EXERCISE BRIEF: Produce a verbatim copy of the data below that contains no pictures.

[Data excerpts]
---*---

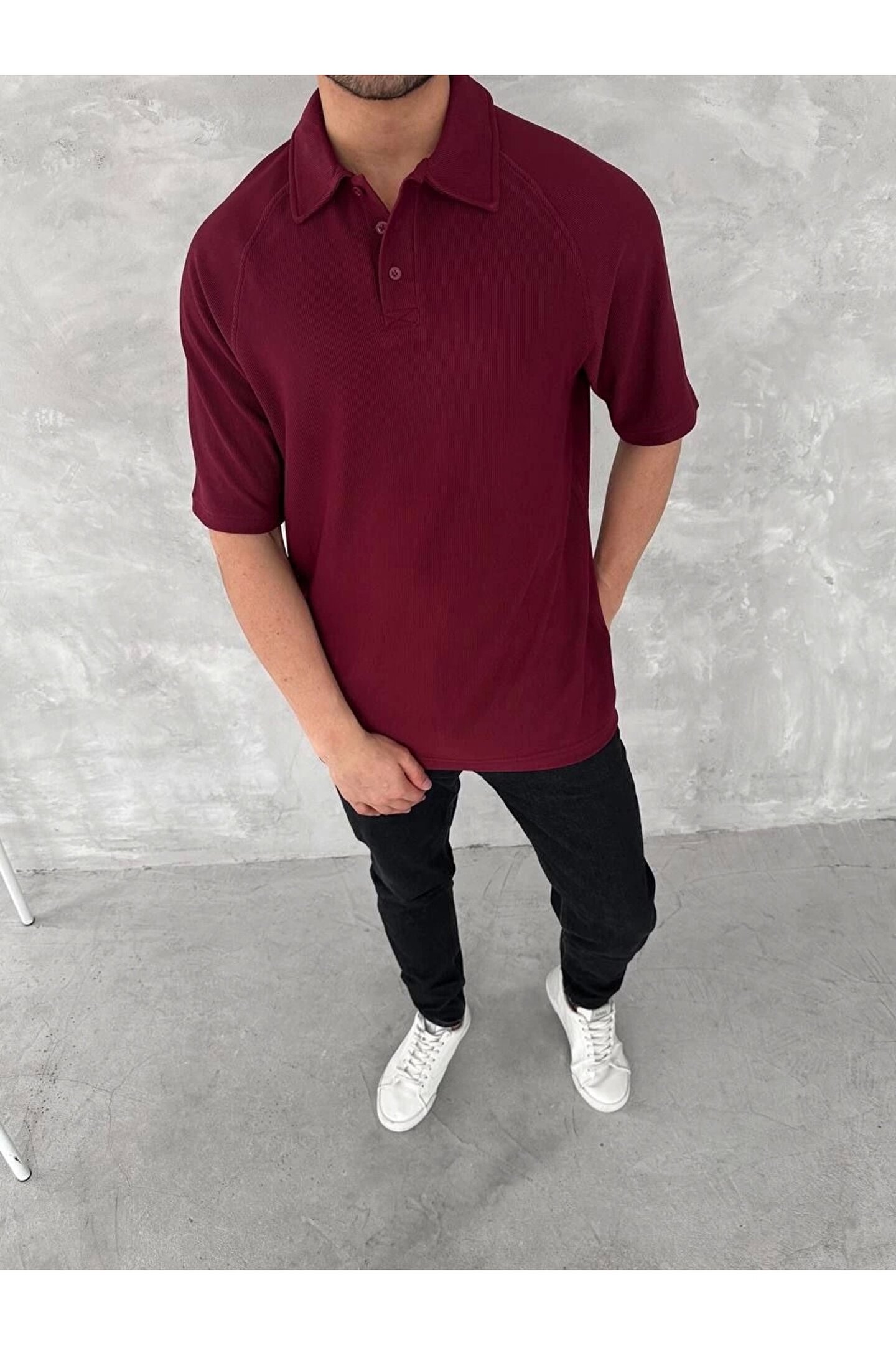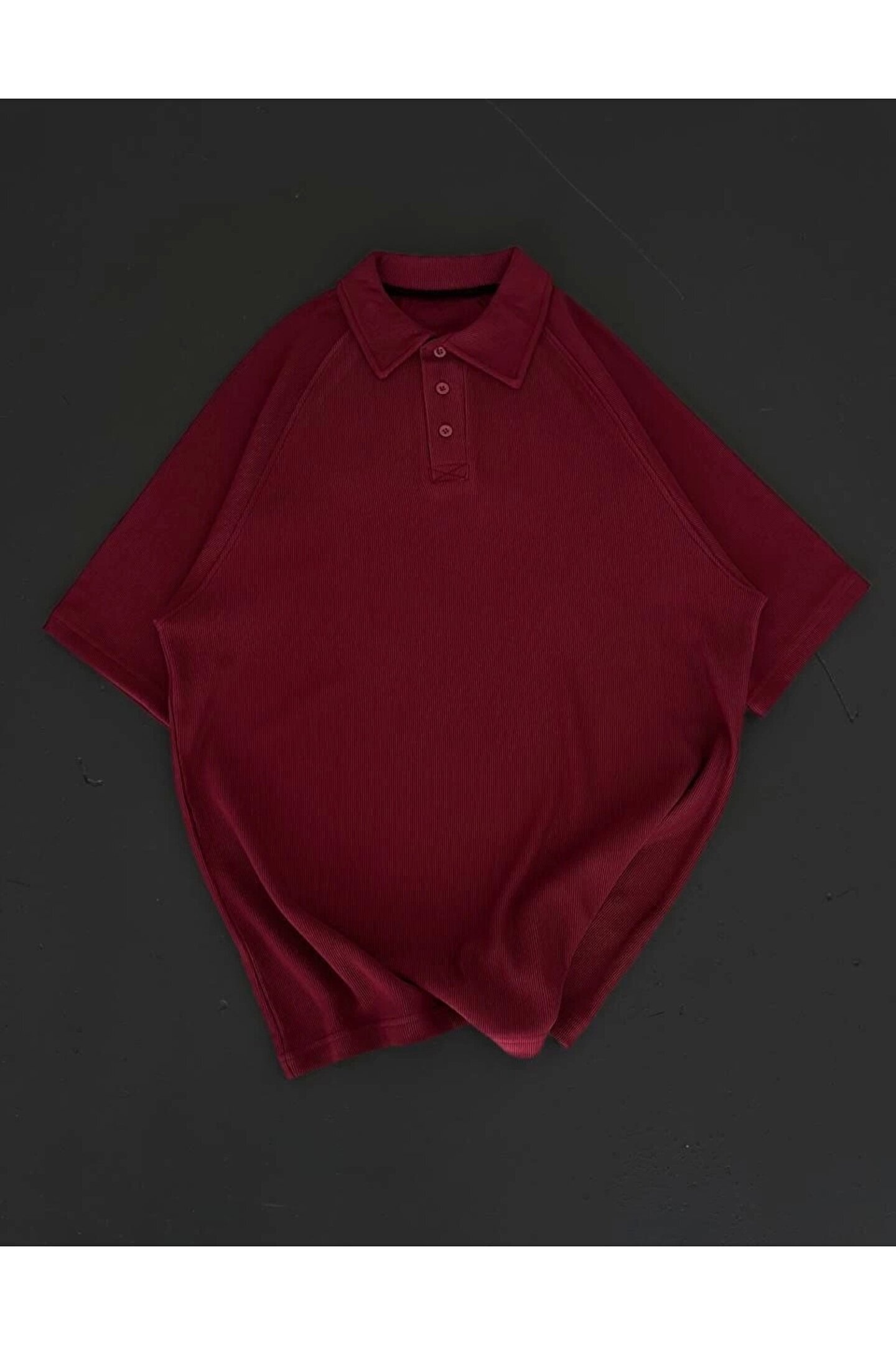 Yakalı Patlı Kısa Kol T-shirt - Bordo
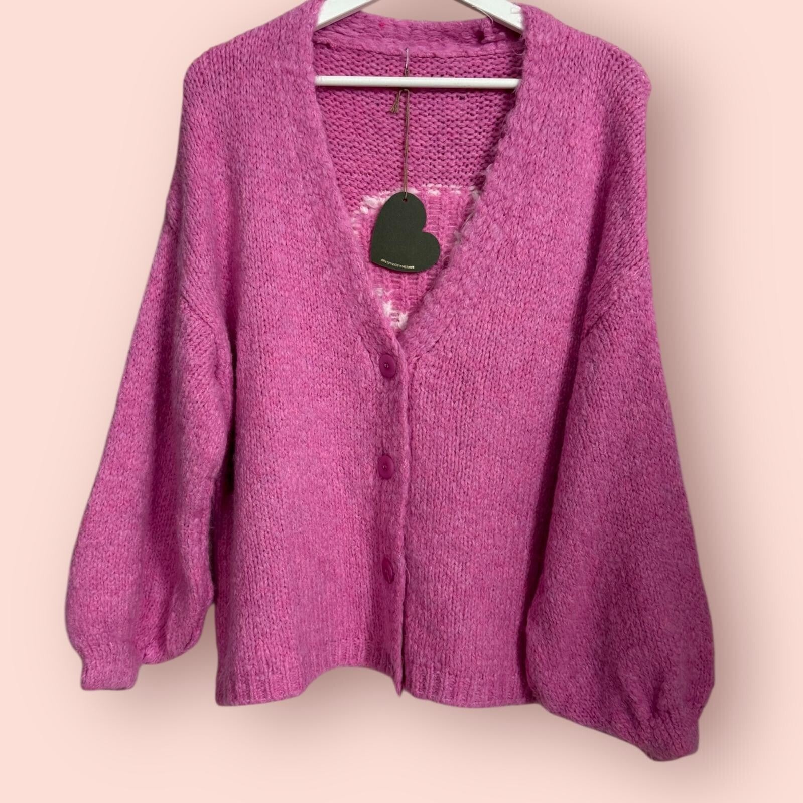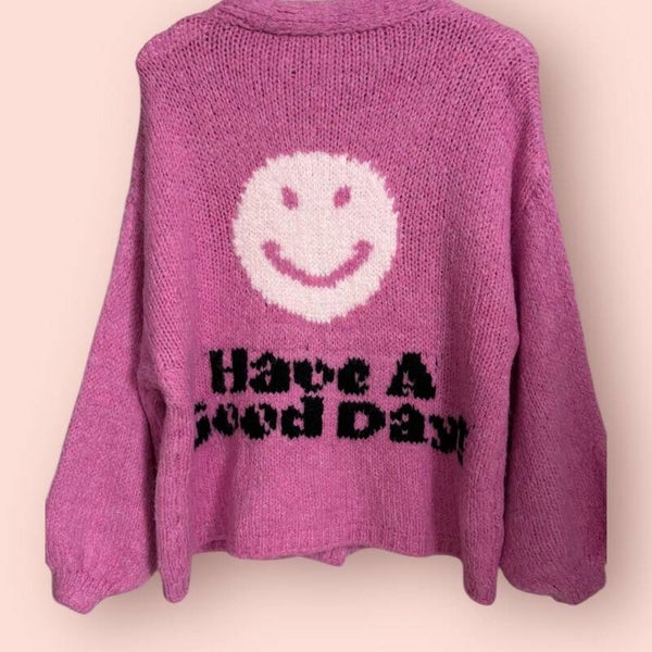 Kuscheliger, pinker Strick-Cardigan im Oversize-Look mit V-Ausschnitt und Knopfleiste. Der Rückseite ziert ein großer weißer Smiley mit dem Schriftzug „Have A Good Day“ – ein fröhlicher Hingucker für jeden Tag. Weich, bequem und perfekt zum Kombinieren.
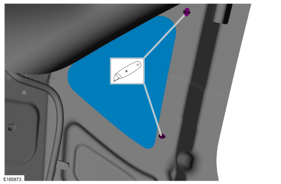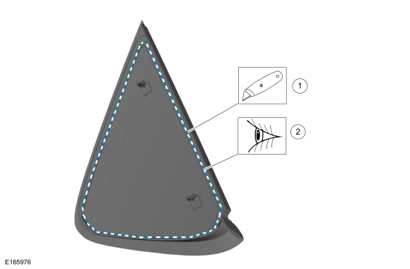 NOTE: Locating pins need to be cut through in order to remove the rear quarter window glass. The new rear quarter window glass will be equipped with new locating pins.
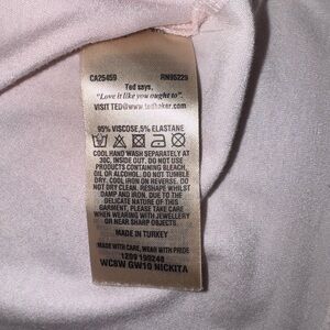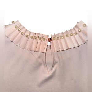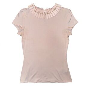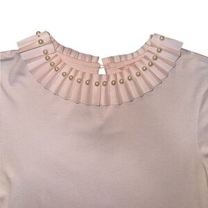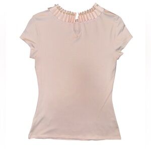 • pale pink fitted t-shirt with ruffled collar and pearl accents
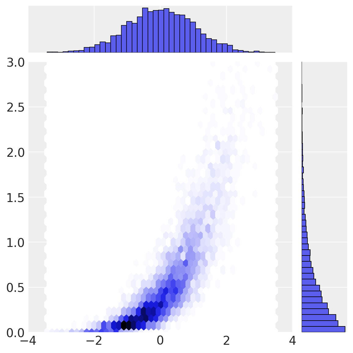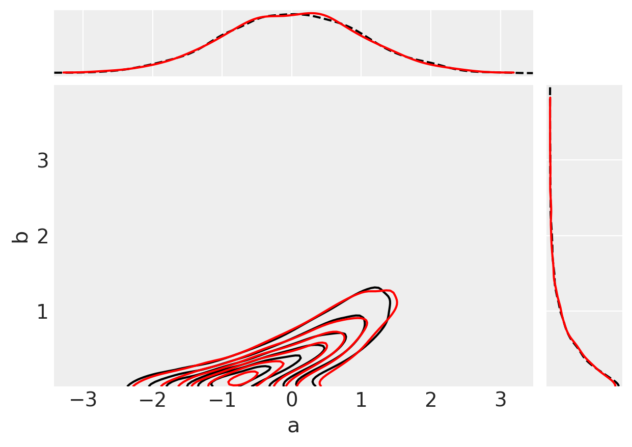 This is where copulas come in. These allow you do describe a complex distribution \(P(a, b)\) with correlational structure by a simple multivariate distribution (such as a Multivariate Gaussian), two marginal distributions, and some transformations. For a very accessible introduction to copulas, we recommend reading through this blog post by Thomas Wiecki.
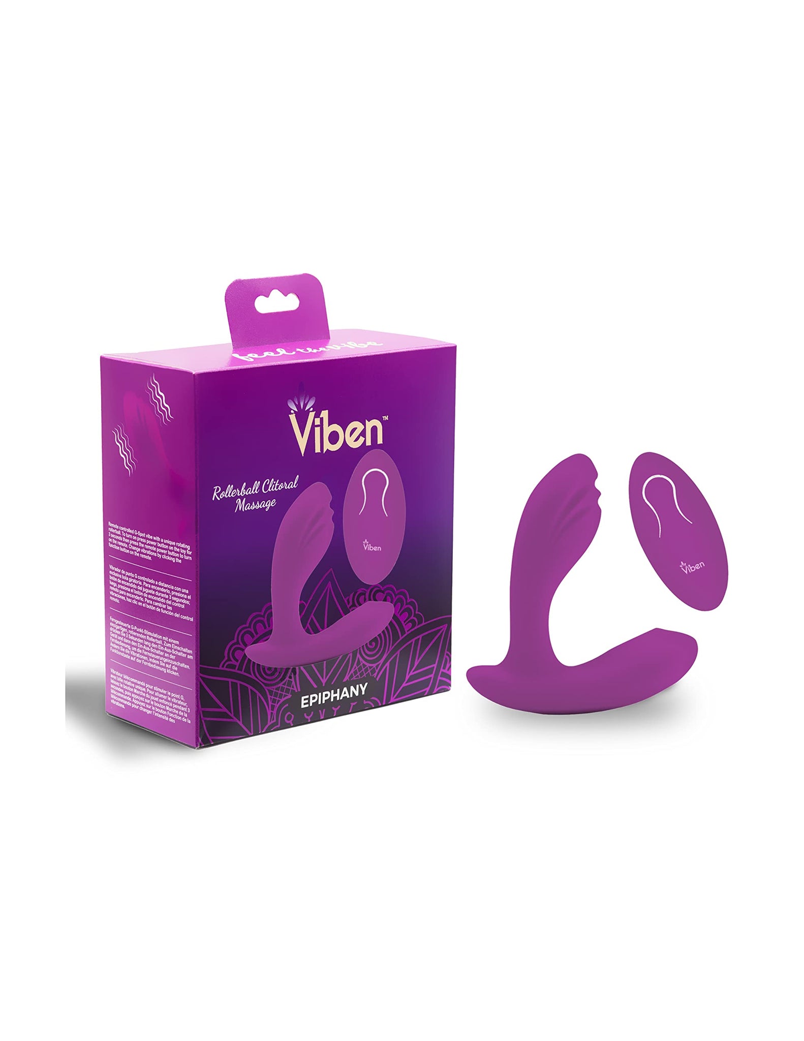 Viben Epiphany Roller Ball Clitoral Massager Berry. Inspire yourself with Epiphany, a remote controlled, dual motor, rocker, panty vibe that nestles in and against the body for mind blowing stimulation. Epiphany features a unique clitoral massaging roller
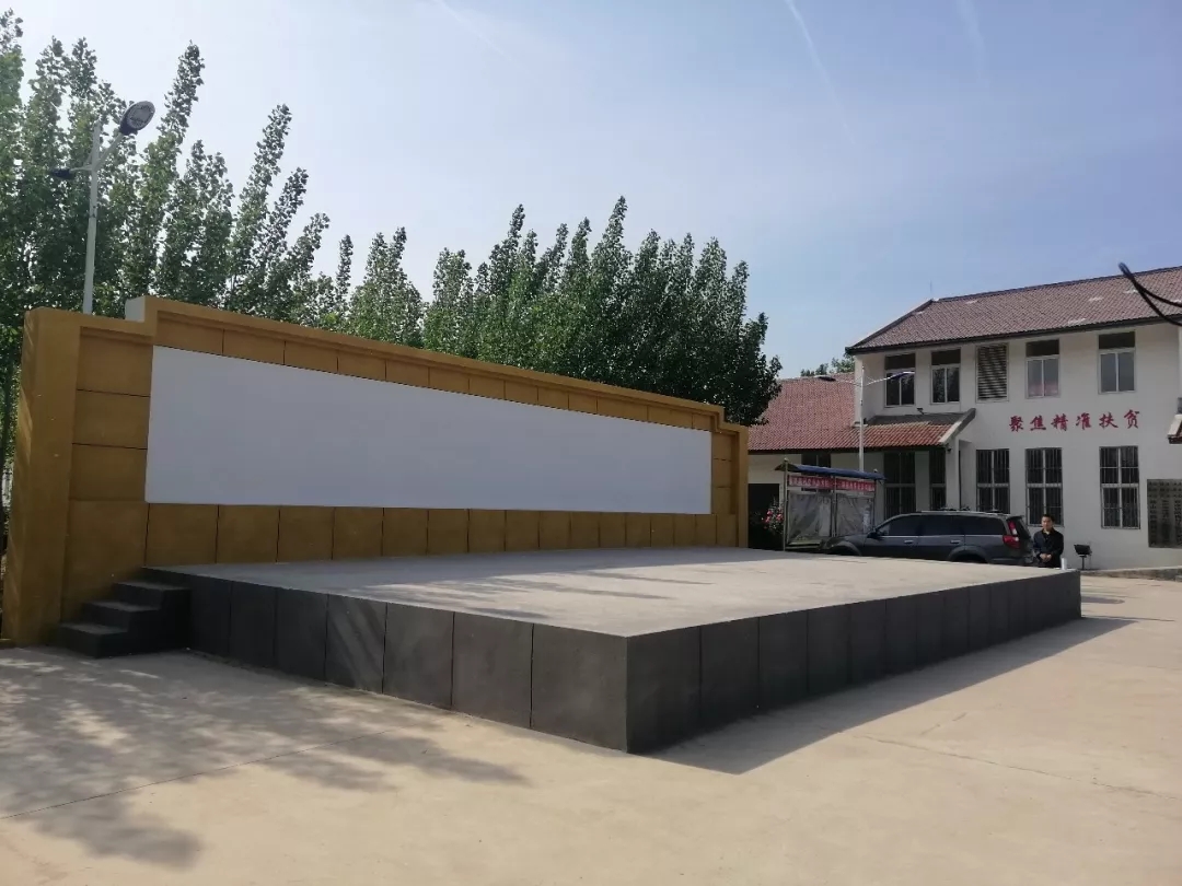 村委会办公楼前,新建成的乡村大舞台即将投入使用。除了脱贫致富提升村民物质生活水平,张庆红还积极协调各种资源,不断努力提升村民精神文化生活水平。近年来,村里通过墙绘、宣传板等宣传孝道,评比“文明家庭”“好婆婆”“好媳妇”等,并成立红白理事会,倡导文明、节俭新风。同时,在集团和各相关单位大力支持下,先后开展“一元爱”、“金晖助老”、公益岗、留守儿童支教、扶贫公益晚会、送戏下乡等系列活动。
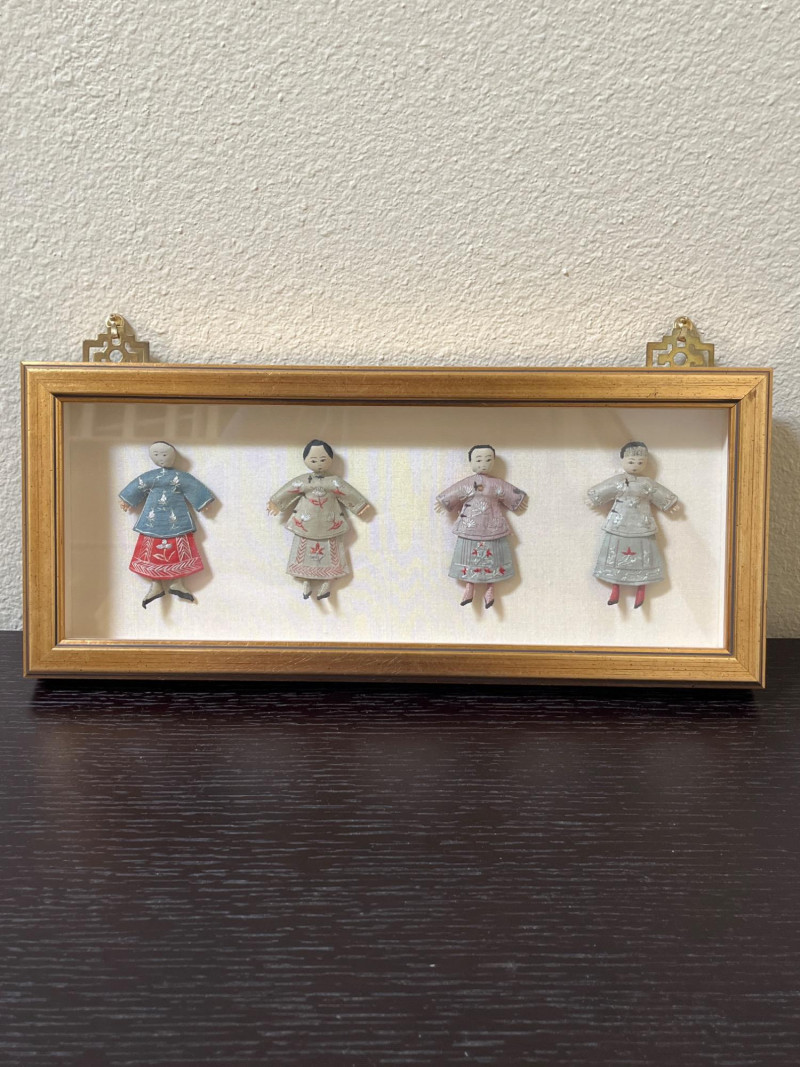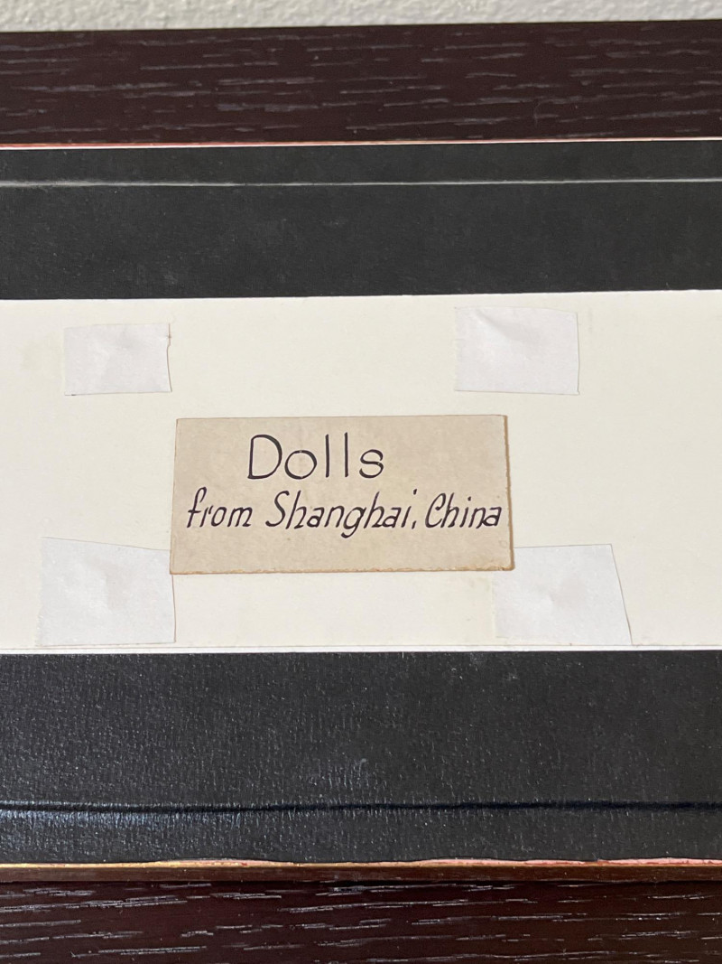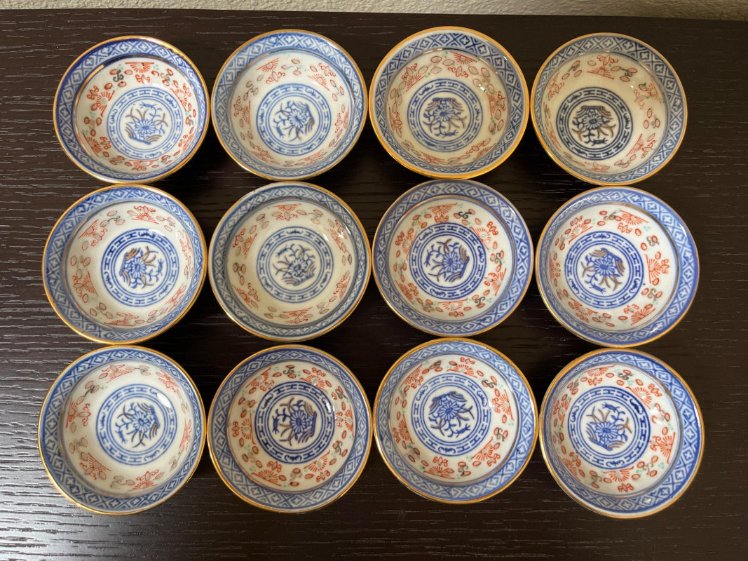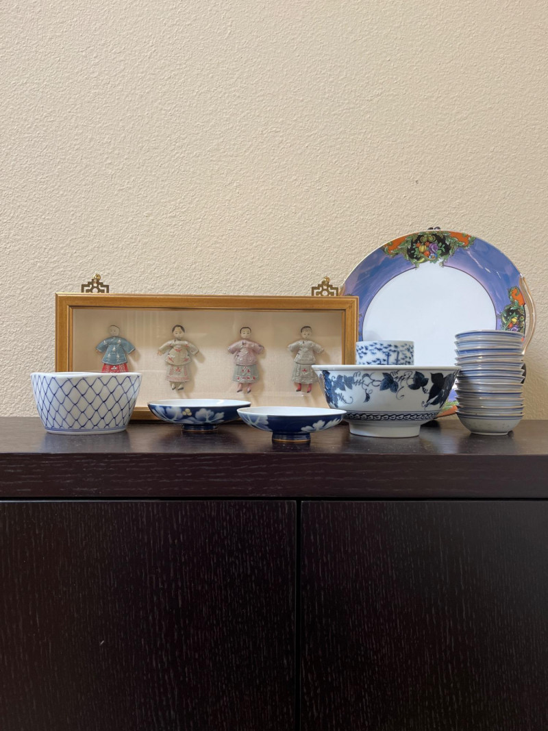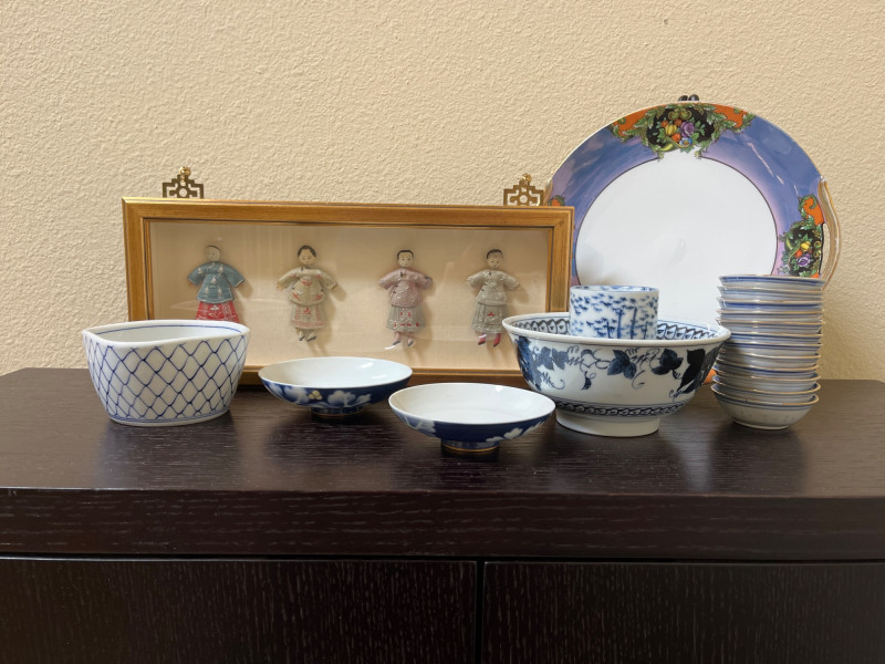 Japanese Art with Blue and White Asian Pottery Lot Collection of Asian decorative items combining Japanese and Chinese elements. Includes a framed set of four traditional dolls from Shanghai, a hand-painted Noritake Morimura lusterware plate, and various pieces of blue and white porcelain. Additional items include rice eye grain sauce bowls and a group of twelve miniature bowls with red and blue motifs. Dimensions:

---*---

THE COMPLETED TASK:
 Yakalı Patlı Kısa Kol T-shirt - Bordo
 Kuscheliger, pinker Strick-Cardigan im Oversize-Look mit V-Ausschnitt und Knopfleiste. Der Rückseite ziert ein großer weißer Smiley mit dem Schriftzug „Have A Good Day“ – ein fröhlicher Hingucker für jeden Tag. Weich, bequem und perfekt zum Kombinieren.
 NOTE: Locating pins need to be cut through in order to remove the rear quarter window glass. The new rear quarter window glass will be equipped with new locating pins.
 • pale pink fitted t-shirt with ruffled collar and pearl accents
 This is where copulas come in. These allow you do describe a complex distribution \(P(a, b)\) with correlational structure by a simple multivariate distribution (such as a Multivariate Gaussian), two marginal distributions, and some transformations. For a very accessible introduction to copulas, we recommend reading through this blog post by Thomas Wiecki.
 Viben Epiphany Roller Ball Clitoral Massager Berry. Inspire yourself with Epiphany, a remote controlled, dual motor, rocker, panty vibe that nestles in and against the body for mind blowing stimulation. Epiphany features a unique clitoral massaging roller
 村委会办公楼前,新建成的乡村大舞台即将投入使用。除了脱贫致富提升村民物质生活水平,张庆红还积极协调各种资源,不断努力提升村民精神文化生活水平。近年来,村里通过墙绘、宣传板等宣传孝道,评比“文明家庭”“好婆婆”“好媳妇”等,并成立红白理事会,倡导文明、节俭新风。同时,在集团和各相关单位大力支持下,先后开展“一元爱”、“金晖助老”、公益岗、留守儿童支教、扶贫公益晚会、送戏下乡等系列活动。
 Japanese Art with Blue and White Asian Pottery Lot Collection of Asian decorative items combining Japanese and Chinese elements. Includes a framed set of four traditional dolls from Shanghai, a hand-painted Noritake Morimura lusterware plate, and various pieces of blue and white porcelain. Additional items include rice eye grain sauce bowls and a group of twelve miniature bowls with red and blue motifs. Dimensions:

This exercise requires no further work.